The Gospel of John was not only written later, but in the context of a growing rift between the church and the synagogue. Remember that Jesus and his earliest followers were Jews. The writer of John’s Gospel is also Jewish, and writes to persuade his fellow Jews that the understanding of Jesus as both divine and human, and as the fulfillment of Jewish messianic expectation, is true and consistent with a right understanding of scripture. Jesus the Christ is the hope for Israel and for the world.
For most Jews, who might otherwise have considered Jesus’ followers as a curious Jewish sect, this was a bridge too far – a bridge which many Gentiles were crossing. This threatened to erase distinctly Jewish identity. So, Jewish disciples of Jesus began to be expelled from the synagogue. This is why, in John’s Gospel, Jesus’ conflict with the Judeans seems so fraught. The current tension between church and synagogue is read back into the Jesus story as a tension between Galilean and Judean Jewish piety.
We must tread very carefully here. What is a debate between Jews has been interpreted too often as a debate between Christians and Jews that justifies anti-Jewish and antisemitic violence. “The Judeans” in John’s Gospel are not all Jews, and certainly not our Jewish neighbors today. The “Jewishness” of John’s Gospel is evident in the way that Jesus is depicted in John Chapter Six. The feeding of the 5,000 and Jesus’ miraculous crossing of the sea recalls the Israelites crossing of the Red Sea and the provision of manna, the bread in the wilderness, to sustain them on their journey. We are to understand Jesus in terms of the Exodus narrative as a new and improved Moses.
John’s Gospel goes even further, identifying Jesus with the Wisdom or Word of God, which already in the Torah was symbolized by bread. We read in Deuteronomy: “The Lord humbled you by letting you hunger, then by feeding you with manna, with which neither you nor your ancestors were acquainted, in order to make you understand that one does not live by bread alone, but by every word that comes from the mouth of the Lord.”[2]
This is echoed by the prophets, such as Isaiah, who identifies bread with God’s word: “For as the rain and snow come down from heaven, and do not return there until they have watered the earth, making it bring forth and sprout, giving seed to the sower and bread to the eater, so shall my word be that goes out from my mouth; it shall not return to me empty, but it shall accomplish that which I purpose, and succeed in the thing for which I sent it.”[3]

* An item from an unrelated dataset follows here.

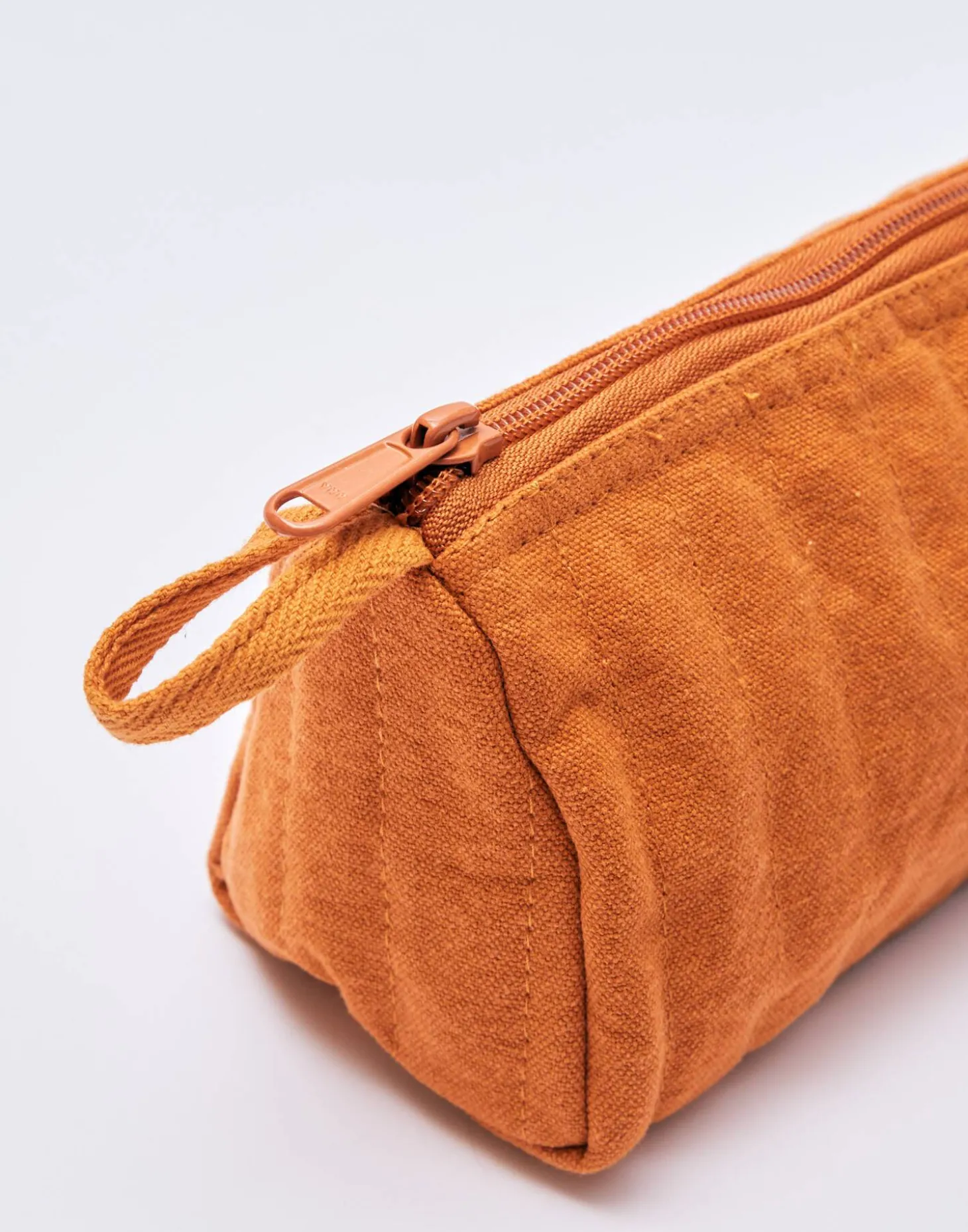 Estuche 100% algodón lavado. Único compartimento con cierre mediante cremallera.

This is the bread from heaven of which Jesus speaks, and with which he identifies himself. It is the bread of holy Wisdom, as in the Book of Proverbs, in which Wisdom, the pre-existent and eternal creative power of God, cries out, “Come, eat of my bread and drink of the wine I have mixed. Lay aside immaturity, and live, and walk in the way of insight.”[4] The Judeans complain when they hear Jesus say, “I am the bread that came down from heaven,” much as the Israelites complained about the manna in the wilderness.[5] They know Jesus’ parents. They know he is from Galilee. Who does he think he is?
This is where John’s Gospel takes a mystical turn, and where what became Christianity parted ways from what became rabbinic Judaism. In the aftermath of the destruction of Jerusalem and the Temple in 70 CE, some Jews began to identify Jesus Christ as the Word and Wisdom of God, whose very body is the bread given for the life of the world. They welcomed Gentile converts in a universalizing movement. Other Jews, the vast majority, identified the Torah as the Word and Wisdom of God, whose study and practice is given so that Israel may be a light and blessing to the nations.
Some were drawn to Jesus, others were not, as Jesus himself observes in John’s Gospel: “No one can come to me unless drawn by the Father who sent me.”[6] Those drawn to him recognize in his life the divine presence that creates and sustains the world. They are fed by Jesus’ life – not simply by his memory or inspiring story but by his continues giving of himself to us. Here, we may see already an indication of the importance of the Sacrament of Holy Communion in the early church; the visible sign of the spiritual reality of Christ’s continuous mediation of divine love and life.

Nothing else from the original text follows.